• What to do:
In the data below, set down exactly the lines from the one containing "Material: Ställning: Gran. Blomkrukor: Järn." up to and including the one containing "AI is gaining". Leave the pictures out.

---------- Recorded data

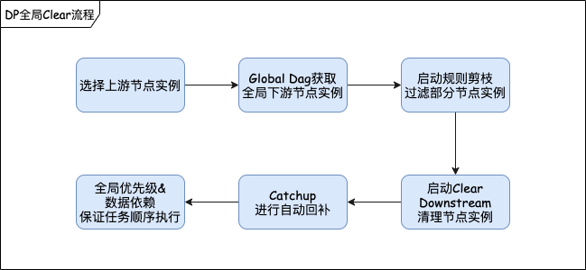 跨Dag全局补数的使用场景一般出现在核心上游表产出异常导致下游商家展示数据异常,一般这种情况下都需要能快速重跑整个数据链路下的所有任务实例来恢复数据正确性。我们的方案就是通过改造了Airflow的Clear功能,通过元数据的血缘解析获取到指定节点当前调度周期的所有下游实例,通过规则剪枝策略过滤部分无需重跑实例,最后启动clear Downstream清除任务实例信息,利用Catchup机制进行自动回补,同时通过任务全局优先级和数据依赖保证任务的顺序执行。DS因为没有跨Dag全局补数的能力,因此我们基于Airflow的全局补数原理,对DS侧进行了相应的改造。与DP现有的补数流程基本保持一致。
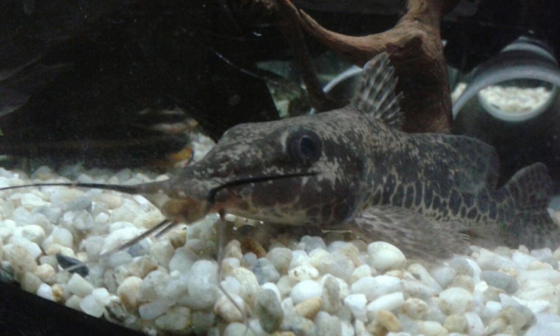 Po Clarotes laticeps bol toto môj druhý tip z afrických sumcov. Ryba má aktuálne asi 12-13 cm. Veľmi sa nehýbe, keď som blízko akvária. Keď sa vzdialim, niečo občas vezme do papule.
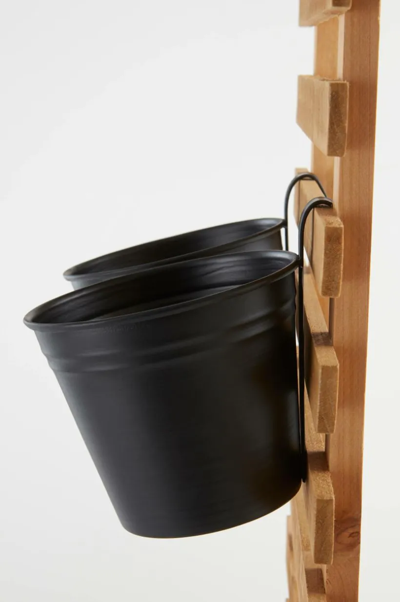 Material: Ställning: Gran. Blomkrukor: Järn.
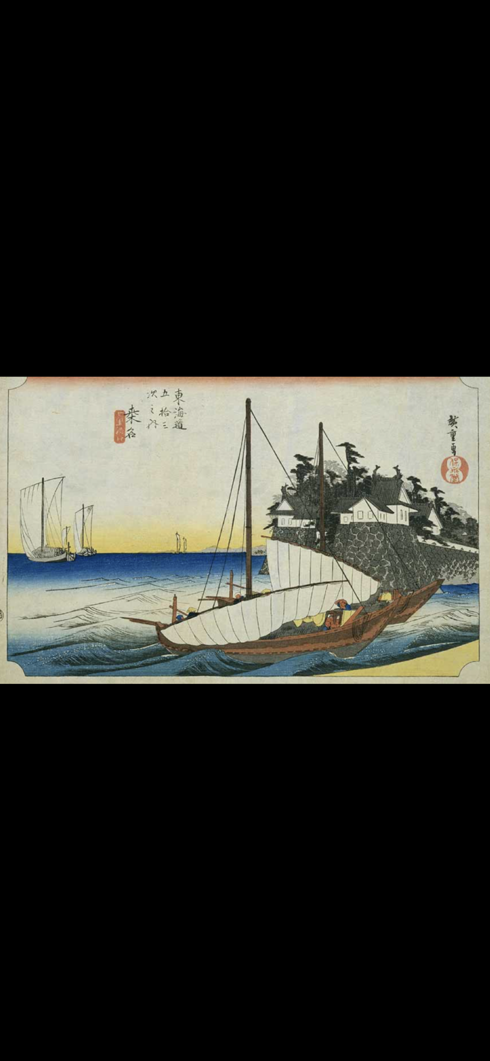 広重の「東海道五拾三次」から「桑名宿」を巡ります。宮宿と桑名宿の間には、木曽川、長良川、揖斐川のいわゆる木曽三川が流れており、これらの川を渡る不便さを避ける為に、海上を舟で渡る「七里の渡し」がありました。
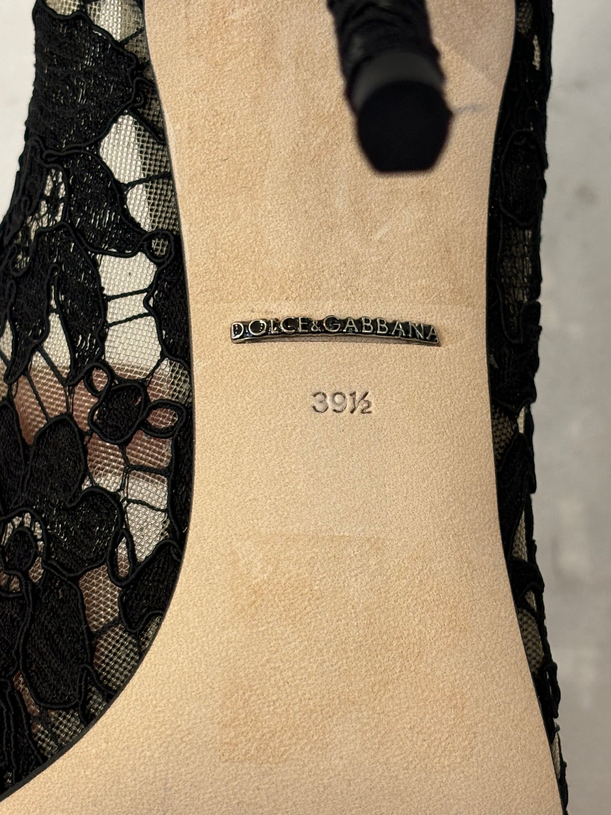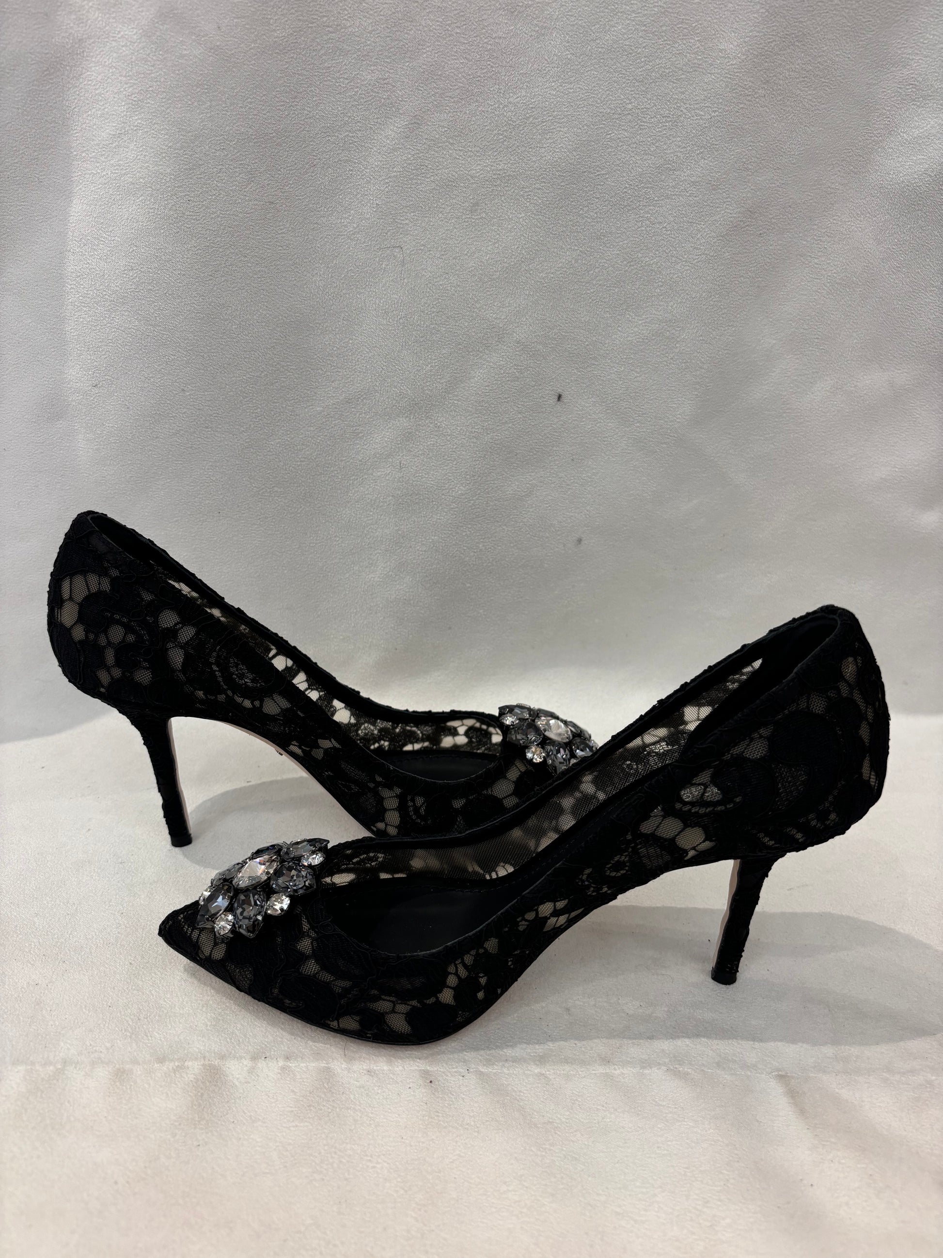Dolce & Gabbana Black Taormina Lace Pump with Crystal Detail Size 39.5
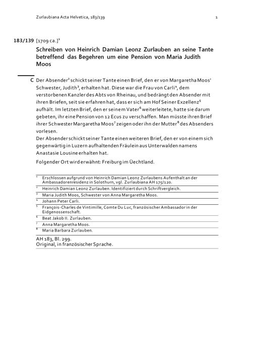 Schreiben von Heinrich Damian Leonz Zurlauben an seine Tante betreffend das Begehren um eine Pension von Maria Judith Moos
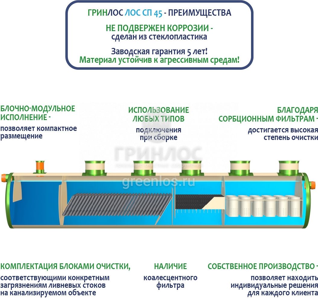 Гринлос ГРИНЛОС Ливневая канализация 45-2300 стеклопластиковая применяется в комплексах ливневой канализации промышленных площадок, торговых центров и АЗС, а также с районов жилой застройки, со складов, мостовых переходов и автодорог. Также находит применение при отведении производственных стоков, процесс очистки которых подразумевает отстаивание и фильтрацию на сорбирующих материалах в виде активированного угля.
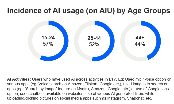 AI is gaining widespread traction, with 44% of users engaging with AI-enabled features such as voice search, image-based search, chatbots and AI filters.
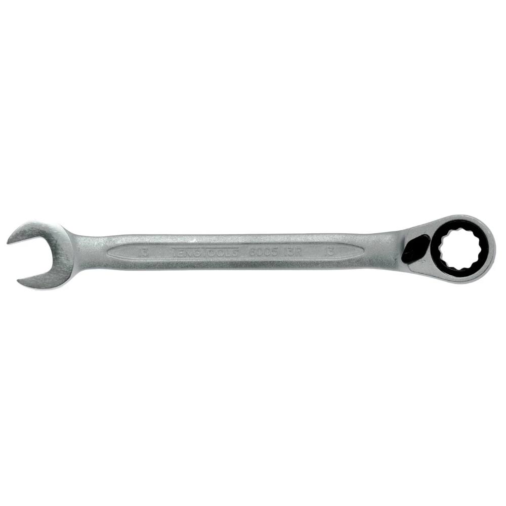 U-ring skraldenøgle lavet af kromvanadiumstål. Kombineret bloknøgle og 12-punkts ringskraldenøgle. Skraldenøglefunktionen kan indstilles til højre- eller venstregående træk. 12-punkts ringhovedet er bøjet i en 15° vinkel. Samme nøglebredde i begge ender. Matforkromet.

--------------------

• Solution to the problem:
 Material: Ställning: Gran. Blomkrukor: Järn.
 広重の「東海道五拾三次」から「桑名宿」を巡ります。宮宿と桑名宿の間には、木曽川、長良川、揖斐川のいわゆる木曽三川が流れており、これらの川を渡る不便さを避ける為に、海上を舟で渡る「七里の渡し」がありました。
Dolce & Gabbana Black Taormina Lace Pump with Crystal Detail Size 39.5
 Schreiben von Heinrich Damian Leonz Zurlauben an seine Tante betreffend das Begehren um eine Pension von Maria Judith Moos
 Гринлос ГРИНЛОС Ливневая канализация 45-2300 стеклопластиковая применяется в комплексах ливневой канализации промышленных площадок, торговых центров и АЗС, а также с районов жилой застройки, со складов, мостовых переходов и автодорог. Также находит применение при отведении производственных стоков, процесс очистки которых подразумевает отстаивание и фильтрацию на сорбирующих материалах в виде активированного угля.
 AI is gaining widespread traction, with 44% of users engaging with AI-enabled features such as voice search, image-based search, chatbots and AI filters.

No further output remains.